Segala perasaanku itu ku ceritakan saat sharing circle. Mendengar cerita Tata dan Arya yang tidak sedramatis kisahku, membuatku menangis, entah perasaan haru yang lebih besar atau perasaan lain, tapi ku sampaikan “aku ingin pulang, bisa gak ya aku bertahan tinggal di tempat seperti itu.” Tapi sepertinya Roh Baik dan Panji Kristus mendorongku untuk tetap bertahan dan berharap setelahnya merasakan lebih lagi sapaan Tuhan.

Sepulang dari circle, aku bertemu Bapak yang pulang dari melaut. Sebelumnya aku merasa takut dengan sosok Bapak, takut juga tidak diterima. Tapi ketakutanku pun pudar saat berbincang dengan Bapak. Kami bisa langsung akrab dan bercerita banyak hal. Saat bicara terkait rumah, Bapak menunjukkan kepadaku sertifikat rumah yang baru saja diterima dari Pemda setempat. Bapak menanyakan benar bukan sertifikat ini asli. Aku tidak tahu, apakah Bapak bisa baca tulis atau tidak, yang ku tahu Ibu tidak bisa baca tulis. Tapi dari hal tersebut, aku merasa Bapak percaya padaku dan aku merasa senang akan hal itu.
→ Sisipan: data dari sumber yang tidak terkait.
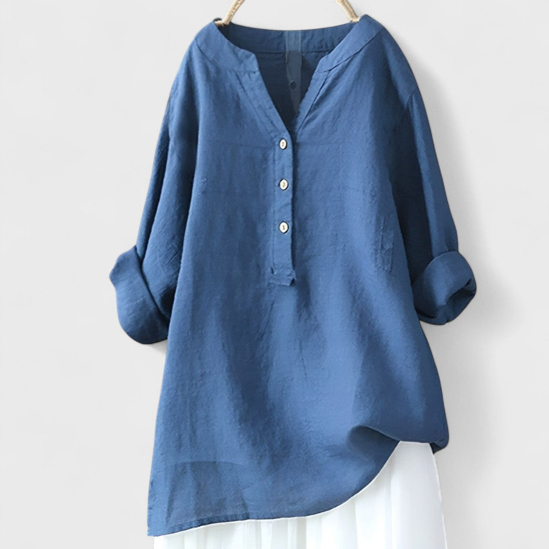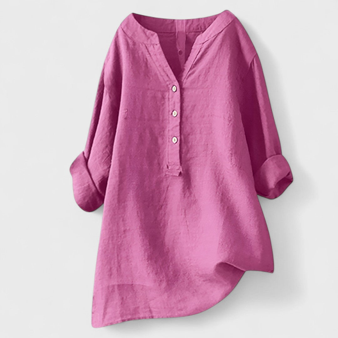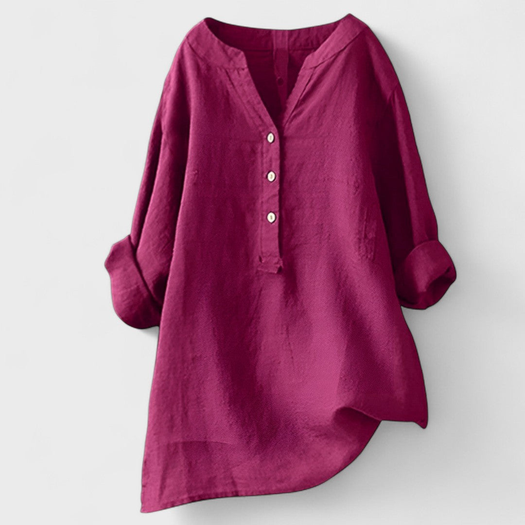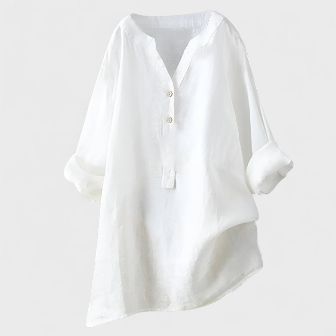 Košeľa Freya je nepostrádateľným prvkom na dni, keď chcete vyzerať upravene, ale cítiť sa voľne. Vyrobená z ľahkého, priedušného materiálu, ktorý vám umožňuje dýchať aj v horúcom počasí. Klasické zapínanie na gombíky a diskrétny golier dodávajú večný vzhľad, zatiaľ čo voľný strih s mierne predĺženou dĺžkou láskyplne obopína postavu a poskytuje vynikajúci základ na vrstvenie.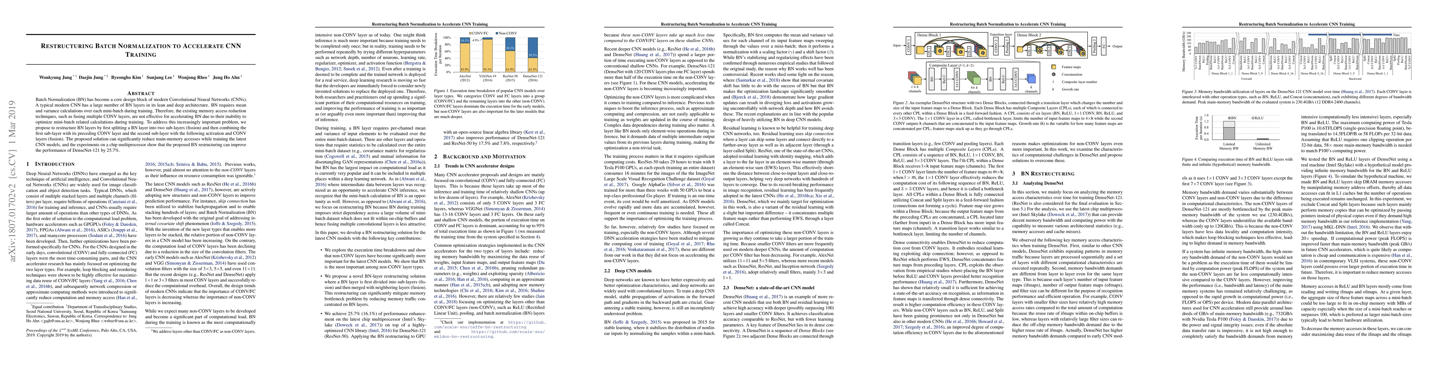 This paper proposes restructuring Batch Normalization (BN) layers in CNNs by splitting and fusing them with adjacent layers to optimize memory access during training. The method improves the performance of DenseNet-121 by 25.7% on a chip multiprocessor, demonstrating significant acceleration in CNN training.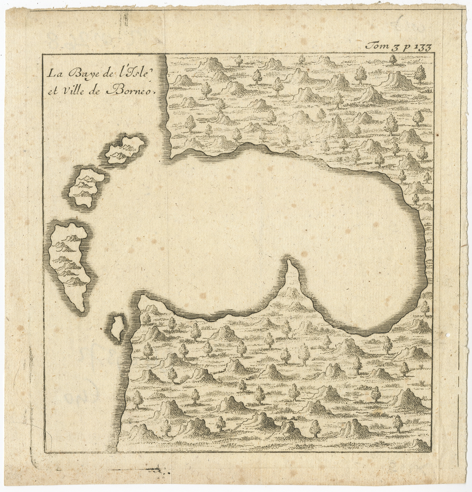 Antique Map of a Bay of Borneo (c.1760) $ 102.98 Availability: in stock Condition : Good, general age-related toning. Small hole outside image, minor foxing. Please study image carefully. Date : c.1760 Overall size : 15.5 x 16 cm. Image size : 13 x 13 cm. Description: Antique map titled 'La Baye de l'isle et Ville de Borneo'. Small map depicting a Bay of Borneo. Artists and Engravers: Anonymous. |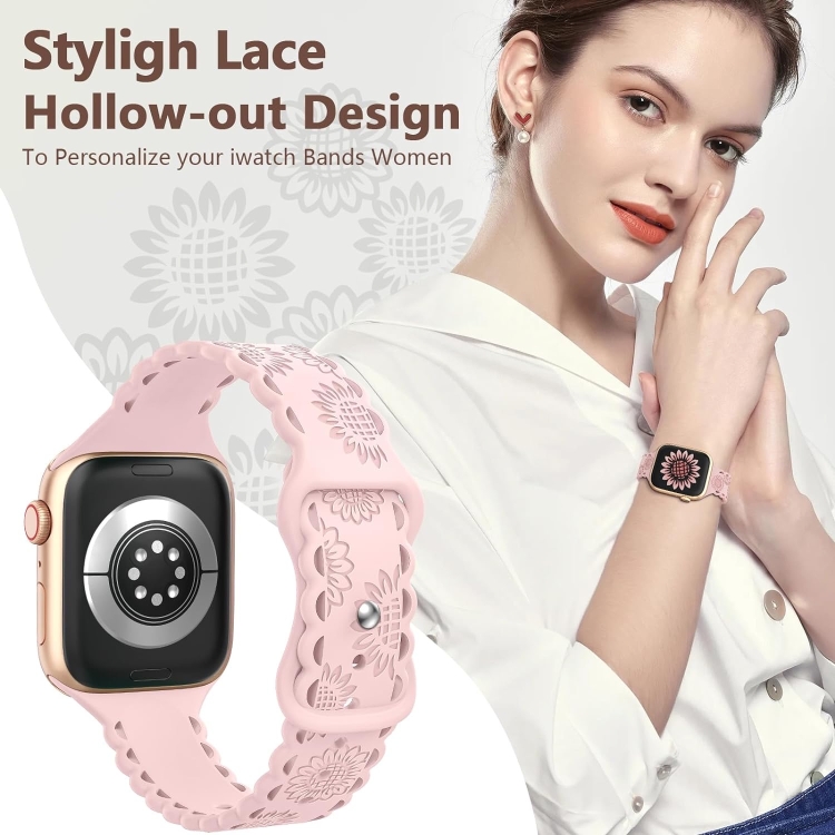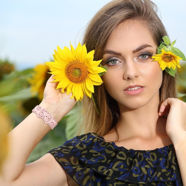 Correa de Silicona Apple Watch Se 2022 40mm con Estampado de Girasoles en Relieve (Rosa)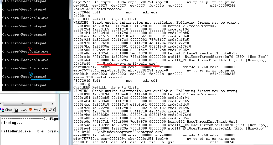 就是想在cmd中启动notepad.exe时断下来。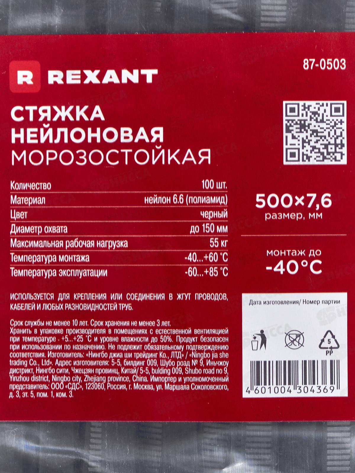 Стяжка нейлоновая морозостойкая 500*7,6мм, черная 100шт, REXANT, 87-0503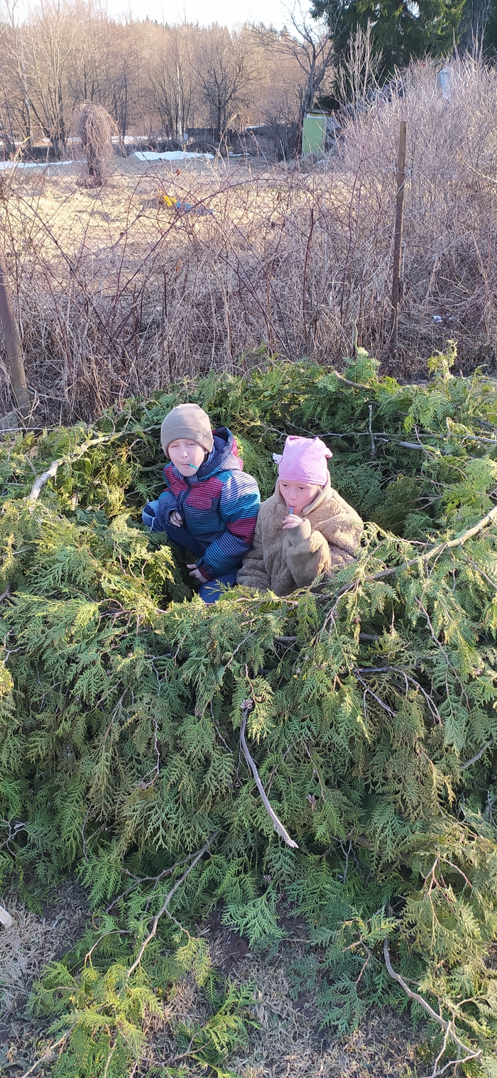 Снаряжение для альпинизма, благо, завалялось внезапно. Дети увидели этот опасный процесс и закричали, что хотят гнездо на дереве, не пилите его. Опять сказано - сделано! Не на дереве, но гнездо.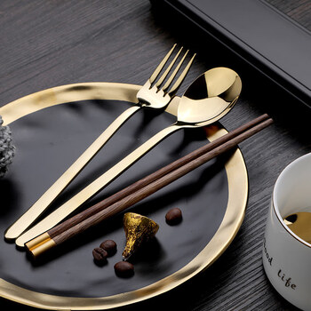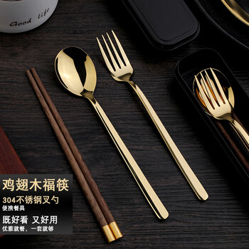 拾画304不锈钢勺子叉子鸡翅木筷子四件套装 学生成人旅行盒装便携餐具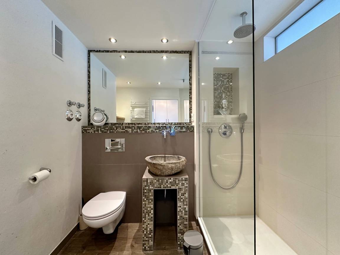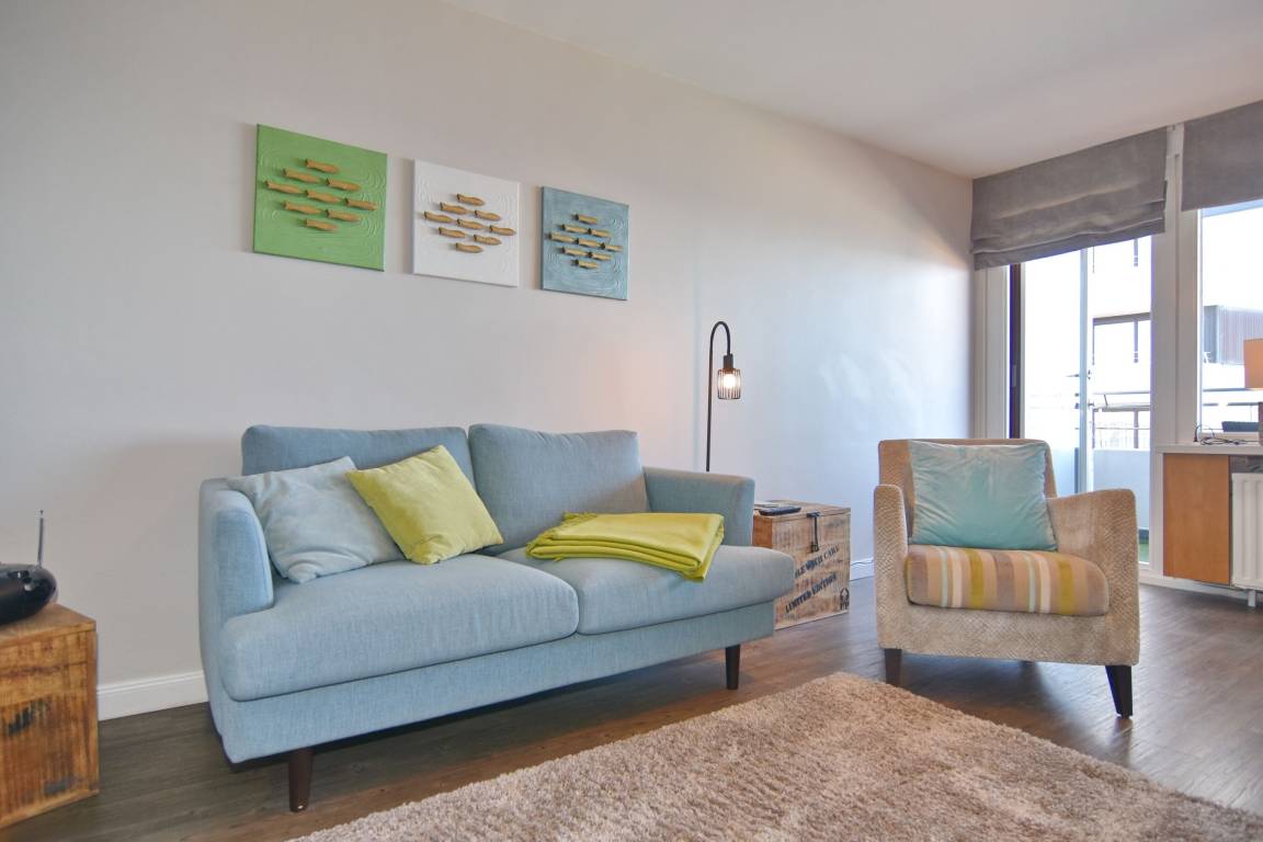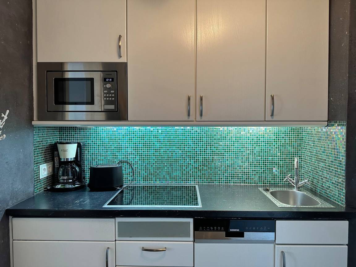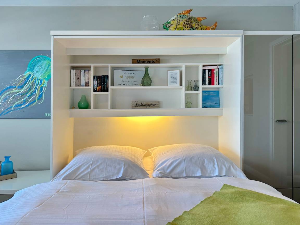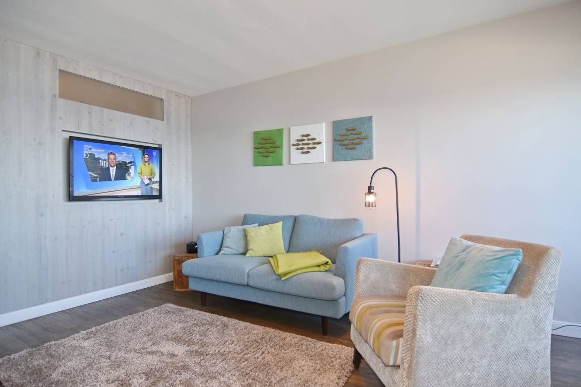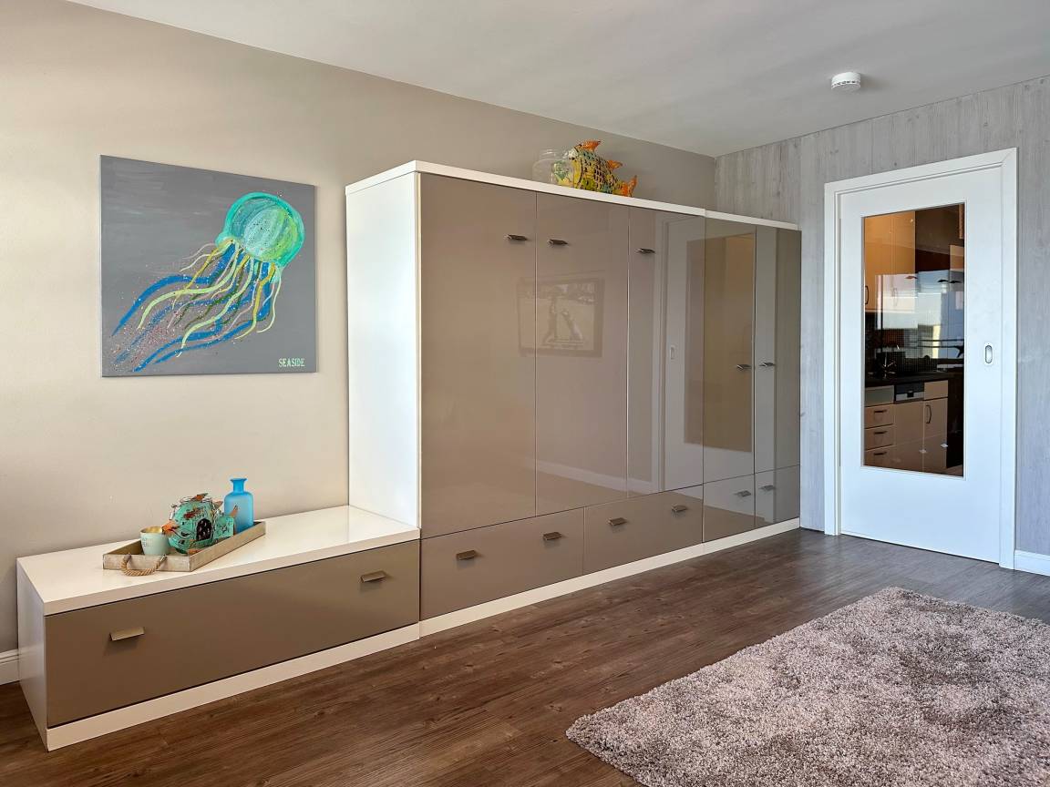 Die moderne 1-Zimmer-Wohnung befindet sich im 8. OG des Haus "Sylter Welle" zur Seeseite. Der kombinierte Wohn-/Schlafraum ist mit einem Doppelschrankbett, 2-Sitzer-Sofa und Sessel sowie einem Essplatz am Fenster ausgestattet. Der Fernseher ist in die Wand eingelassen. Die gut ausgestattete Küche liegt im Flurbereich und verfügt über einen 4-Platten-Ceranherd, Nespressomaschine, Mikrowelle und Geschirrspüler. Das edle Bad besticht mit seiner bodentiefen Glasdusche, dem Waschsteinbecken, der Regendusche und den kleinen Extras.. Die gesamte Wohnung ist mit Designboden in Holzoptik ausgelegt. Im Haus stehen Ihnen zwei Fahrstühle, hauseigenes WLAN-Netz (ohne Gewähr) sowie eine gemeinschaftliche Waschküche zur Verfügung. Ein Pkwstellplatz kann bei Verfügbarkeit kostenpflichtig dazu gebucht werden. Ein Hund kann gegen Gebühr und Anmeldung mitgebracht werden.

Rumah berukuran 27m itu diisi oleh sembilan orang dengan tiga kasur tanpa sekat yang sedikit tempatnya sudah disediakan untukku. Kondisi tempat yang sudah tentu tak nyaman itu, tapi ternyata membuat perasaanku senang. Suasana sebelum tidur sambil menonton TV diawali dengan banyak obrolan, membuatku merindukan saat seperti itu dalam keluargaku. Suasana yang mungkin tidak bisa didapat oleh keluarga-keluarga dengan kamar yang terpisah  atau yang biasa sibuk dengan gadget masing-masing. Tanpa gadget di tangan mereka, mereka jadi fokus membicarakan banyak hal tentang satu dan lainnya. Malam itu pun tidurku menjadi cukup nyenyak dan berharap di hari berikutnya mendapatkan sesuatu lagi yang Tuhan siapkan untukku.

***

Day 2 – 13 April 2018

Pagi ini bisa kubilang indah dan aku sangat bersyukur. Ibu yang sudah membelikanku nasi uduk yang kurasakan sangat nikmat, kemudian Bapak yang mengajakku ke laut. Awalnya Bapak hanya ingin mengecek perahu, karena hari ini (Jumat) Bapak  tidak melaut. Tapi kemudian Bapak mengajakku naik perahu jalan-jalan di lautan. Spontan aku seperti anak kecil kegirangan dan aku merasakan  seorang Bapak yang mengasihi anaknya. Aku bertanya banyak tentang ini itu dan menunjuk berbagai arah hanya sekedar ingin tahu. Namun Bapak menjelaskan dengan sabar dan mengajakku melihat lebih dekat ke arah tersebut. Saat di tengah laut, tiba-tiba mesin perahu mati dan aku yang merasa takut tapi saat itu juga teringat tentang Yesus yang meredakan angin ribut. Yesus berkata, “mengapa kamu begitu takut? Mengapa kamu tidak percaya?”. Seketika itu juga aku percaya dan berserah pada Tuhan, pasti tidak akan terjadi sesuatu apapun padaku di laut ini.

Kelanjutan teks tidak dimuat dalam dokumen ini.